Entries taken from a collection:
BEGIN

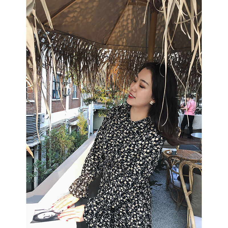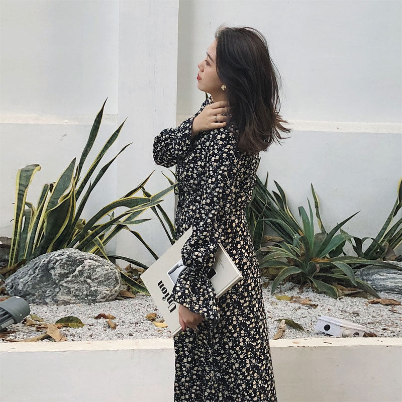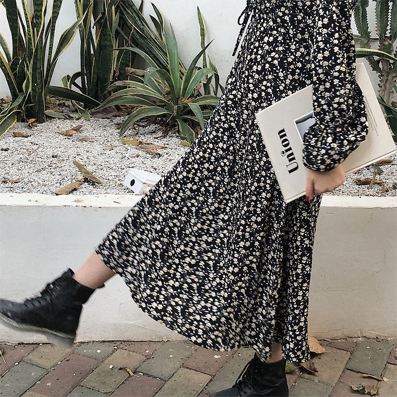 Large-yard women's new spring dress appears thin age-thin flowers shade meat and shade in the ocean gas long waist covering skirt
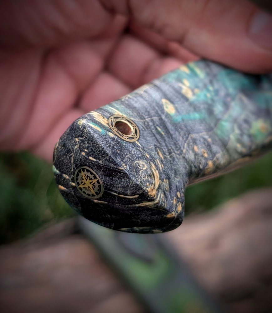 Всем привет. Сталь М398, клинок 125х30х3,5 мм, рукоять 120 мм из стаб капа ольхи, карбона, латуни, нейзильбера, ножны из кожи. PXL_20250802_095526983.jpg PXL_20250801_152913812~2.jpg
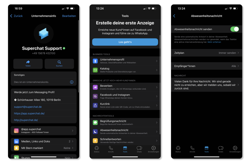 Ein Beispiel für ein fertig eingerichtetes Whatsapp Unternehmensprofil. Quelle: Superchat
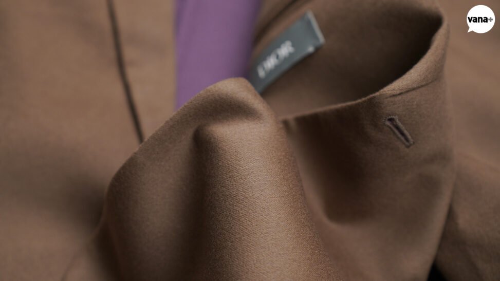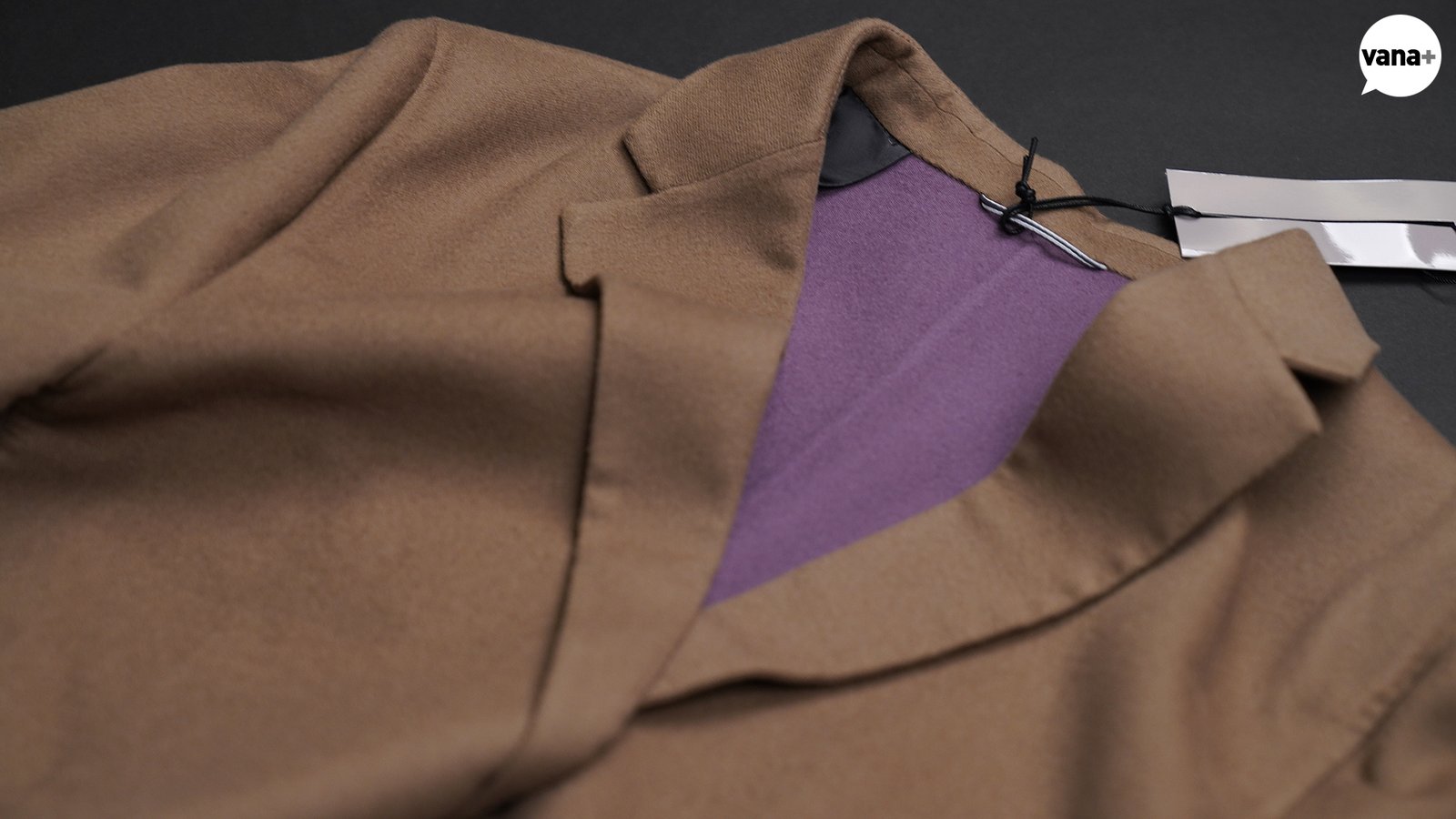 바깥쪽은 브라운 컬러지만 안쪽은 모브(mauve) 컬러로 된 버진 울 재킷이다.
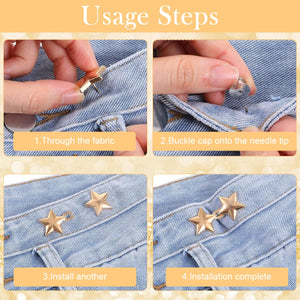 Metallic Star Jean Waist Tightener Pins - Pack Of 4 Pairs
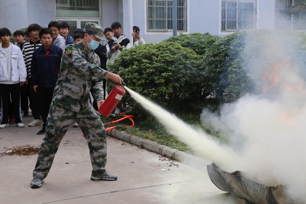 张端立强调,为抓消防安全,保校园平安,我校一直坚持定期组织学习消防安全知识、技能,有组织、有计划地开展消防疏散演练,消除身边的火灾隐患,确保校园安全。接着,张端立介绍了干粉灭火器的使用四步曲:“一提”握住灭火器提把手,“二拔”拔掉灭火器提把上的保险销,“三压”距火点5-6米处,压下把手,“四喷”对准火源根部左右喷射。
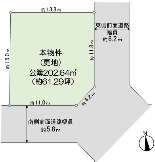 ・前面道路是東面幅員約6.2m、南側約5.8m的公路
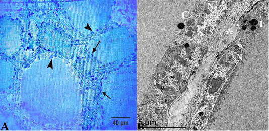 (A) Semithin section of thyroid gland in the summer season showed that thyroid follicles were lined with simple squamous epithelium with flattened nuclei “arrows” but some of them had low cuboidal epithelium “arrow heads”. (B) Ultrastructural characters showed that the thyroid follicles had flattened cells with an electron-dense cytoplasm and heterochromatic nuclei “N”, colloid droplets “C” and lysosomes “L”, these follicles were separated by interfollicular connective tissue “asterisk”. Stain:(A) Toluidine blue X.400.
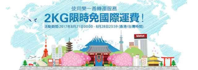 定期不定期舉辦大大小小優惠活動的知名日本網路購物平台「日本樂天市場」與同樣是日本在地的轉運服務團隊「樂一番轉運」合作,推出2KG限時免國際運費的優惠,只要單筆訂單滿日幣8,000元(約新台幣2,200元),單次發貨最高可省日幣3,300元(約新台幣910元),最多還可享三次,加起來就是近萬日圓的優惠啊!
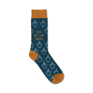 Socks that will make you flip! These crew-length socks for men feature a pattern of middle fingers in various shades of blue on a dark blue background. At the top, you'll find the words "Per My Last Email" in bright orange, poking fun at all those office emails. So next time you're tempted to send a strongly worded message, reach for these socks instead. Who knows, they might just help you keep your cool.
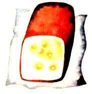— Вот колбаса, вот сыр, вот окорок. Покушайте всего, — радушно угощал он.

END

■ Goal of the exercise ■
This task calls for an exact copy of the data above, without pictures.

■ Completed task ■
 Large-yard women's new spring dress appears thin age-thin flowers shade meat and shade in the ocean gas long waist covering skirt
 Всем привет. Сталь М398, клинок 125х30х3,5 мм, рукоять 120 мм из стаб капа ольхи, карбона, латуни, нейзильбера, ножны из кожи. PXL_20250802_095526983.jpg PXL_20250801_152913812~2.jpg
 Ein Beispiel für ein fertig eingerichtetes Whatsapp Unternehmensprofil. Quelle: Superchat
 바깥쪽은 브라운 컬러지만 안쪽은 모브(mauve) 컬러로 된 버진 울 재킷이다.
 Metallic Star Jean Waist Tightener Pins - Pack Of 4 Pairs
 张端立强调,为抓消防安全,保校园平安,我校一直坚持定期组织学习消防安全知识、技能,有组织、有计划地开展消防疏散演练,消除身边的火灾隐患,确保校园安全。接着,张端立介绍了干粉灭火器的使用四步曲:“一提”握住灭火器提把手,“二拔”拔掉灭火器提把上的保险销,“三压”距火点5-6米处,压下把手,“四喷”对准火源根部左右喷射。
 ・前面道路是東面幅員約6.2m、南側約5.8m的公路
 (A) Semithin section of thyroid gland in the summer season showed that thyroid follicles were lined with simple squamous epithelium with flattened nuclei “arrows” but some of them had low cuboidal epithelium “arrow heads”. (B) Ultrastructural characters showed that the thyroid follicles had flattened cells with an electron-dense cytoplasm and heterochromatic nuclei “N”, colloid droplets “C” and lysosomes “L”, these follicles were separated by interfollicular connective tissue “asterisk”. Stain:(A) Toluidine blue X.400.
 定期不定期舉辦大大小小優惠活動的知名日本網路購物平台「日本樂天市場」與同樣是日本在地的轉運服務團隊「樂一番轉運」合作,推出2KG限時免國際運費的優惠,只要單筆訂單滿日幣8,000元(約新台幣2,200元),單次發貨最高可省日幣3,300元(約新台幣910元),最多還可享三次,加起來就是近萬日圓的優惠啊!
 Socks that will make you flip! These crew-length socks for men feature a pattern of middle fingers in various shades of blue on a dark blue background. At the top, you'll find the words "Per My Last Email" in bright orange, poking fun at all those office emails. So next time you're tempted to send a strongly worded message, reach for these socks instead. Who knows, they might just help you keep your cool.
— Вот колбаса, вот сыр, вот окорок. Покушайте всего, — радушно угощал он.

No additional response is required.